Hello all! I am happy to be the new owner of a 1984 911 Targa and am new to these forums. It's great to see so many people in one place that love these cars as much as I do.

I did my initial research on the best 911 for me, and now I am settling into learning about the car's specifics. I recently replaced the Radio in the car, and the following began to happen:

Occasionally, the AC blower fan will just stop. The only way I've been able to get it going again is to pull the first fuse (closest to the windshield) and reseat it. After this, the blower reengages and for the most part will stay on until the car is restarted a few times, but it will also sometimes stop in the middle of driving it.

In the interest of full disclosure, when I first replaced the radio, that first fuse (a 16 amp) popped a few times and had to be replaced. I re-examined the wiring near the radio and redid my work, and the fuse has stayed intact since.
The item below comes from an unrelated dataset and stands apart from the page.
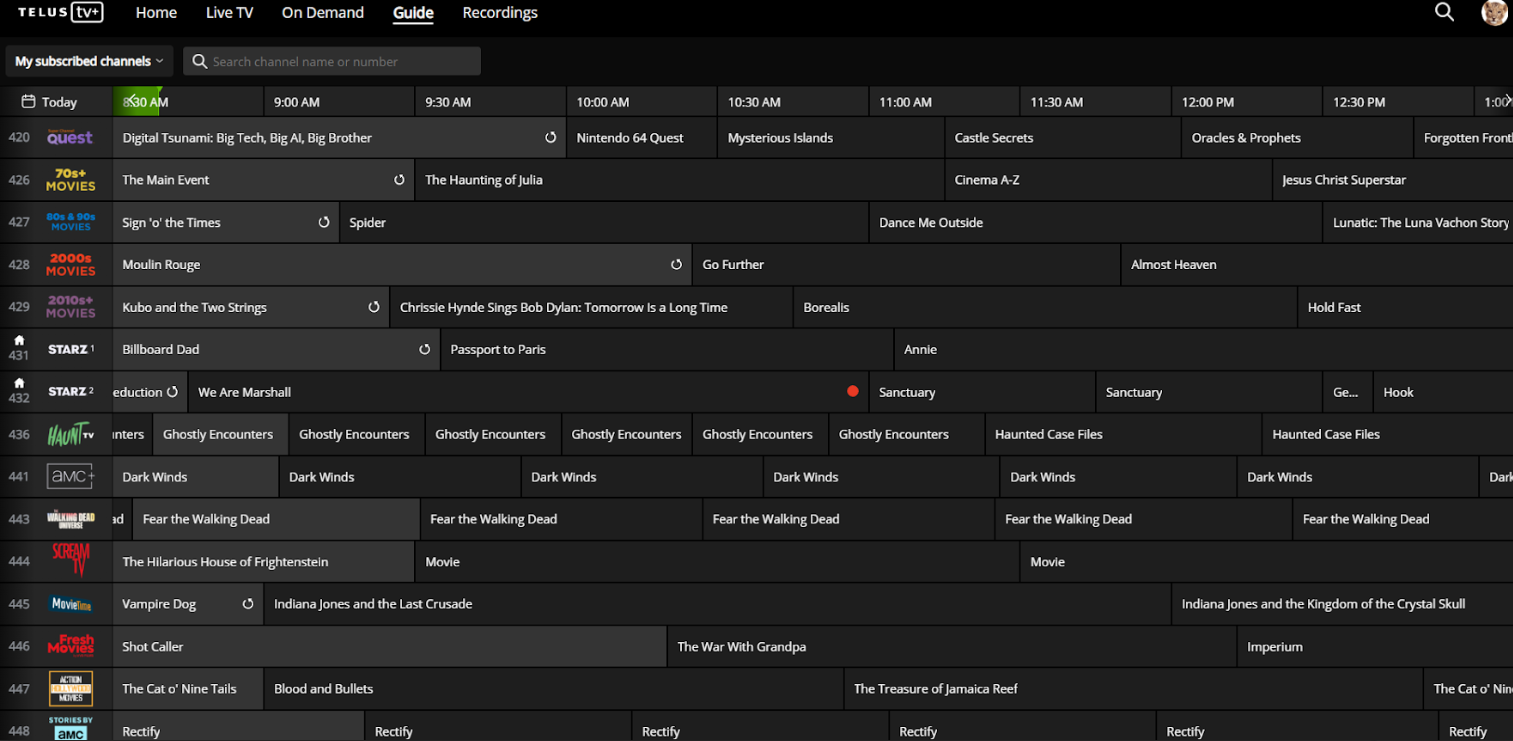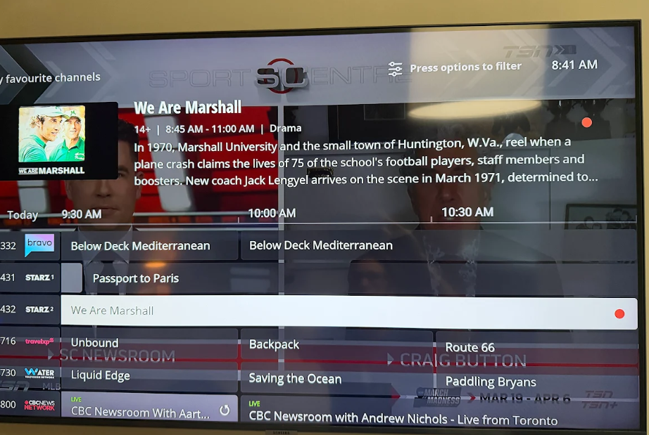 Note how the program 'We Are Marshall' still shows it, even when scrolling sideways in the guide.
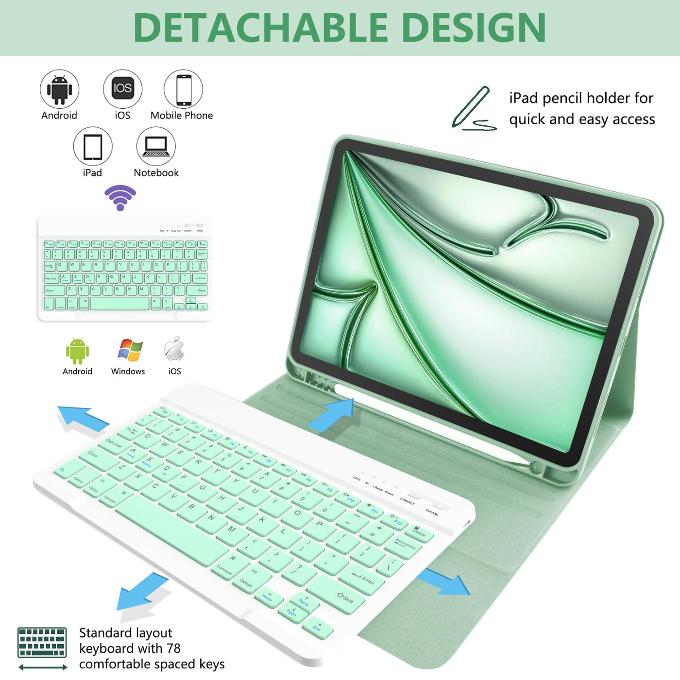For New Ipad Air 11-Inch M2/ For Ipad Air 5Th 4Th Generation 10.9 Keyboard Case 2020, Detachable Wireless Bluetooth Keyboard, Cover Case For Ipad 11 Pro 2018, For Ipad Air 4 Gen, With Build-In Pencil Holder -- Black Description: Sturdy And Attractive Design.The Ipad Fits Snugly Into The Leather Case And Provide Sufficient Protections For Daily Use. For Ipad 10.9 /11 Pro 2018 Keyboard Case Comes With A Slot For Holding Your Apple Pencil Stylus That Lets You Effortlessly Reach For Your Pen Whenever You Want To Use The Touch Pen Function.(Apple Pencil Is Not Included) A Protective Cover And Real, Quiet Keyboard Support 3 Use Modes - Typing, Viewing, Reading - Giving You Amazing Versatility. It Allows You To Prop The For Ipad Up For Watching Videos. For Ipad Air 4 Case Support Apple Pencil Pair And Wireless Charging Without Taking Off The Case. Bluetooth Keyboard Is Responsive And Held Into The Case By A Magnet. Perfect Access To All Ports/Buttons And Camera. How To Connect: Turn On The Keyboard Power. (The Power Indicator Will Flash About 2 Seconds Then Goes Off, This Is Normal) Press ''Connect'' Button On The Keyboard Into Bluetooth Matching Condition. Open Your Bluetooth , Search For The Keyboard. Click ''Bt 3.0 Keyboard'', It Will Show A Pairing Code In The Screen, You Need To Input It On The Keyboard Then Press ''Enter'', It Will Be Connect. (If There Have Not Show The Pairing Code, You Not Need To Input It) Packing List: 1X Keyboard Case For Ipad Air 4Th Gen 10.9 Inch 1X Micro Usb 2.0 Cable(Only For The Keyboard) 1X User Manual

Also, the manual states that the first fuse should be a 25 Amp, but the one in place was (and still is) a 16 Amp fuse when I purchased it.

So my questions are:

1. Is the correct fuse for the first position (windows, etc) a 25 Amp or a 16 Amp?

2. Being technically inclined but having little knowledge of electricity and wiring, what is my next step with the fuse/AC issue (I have spare fuses, wiring, and a volt meter).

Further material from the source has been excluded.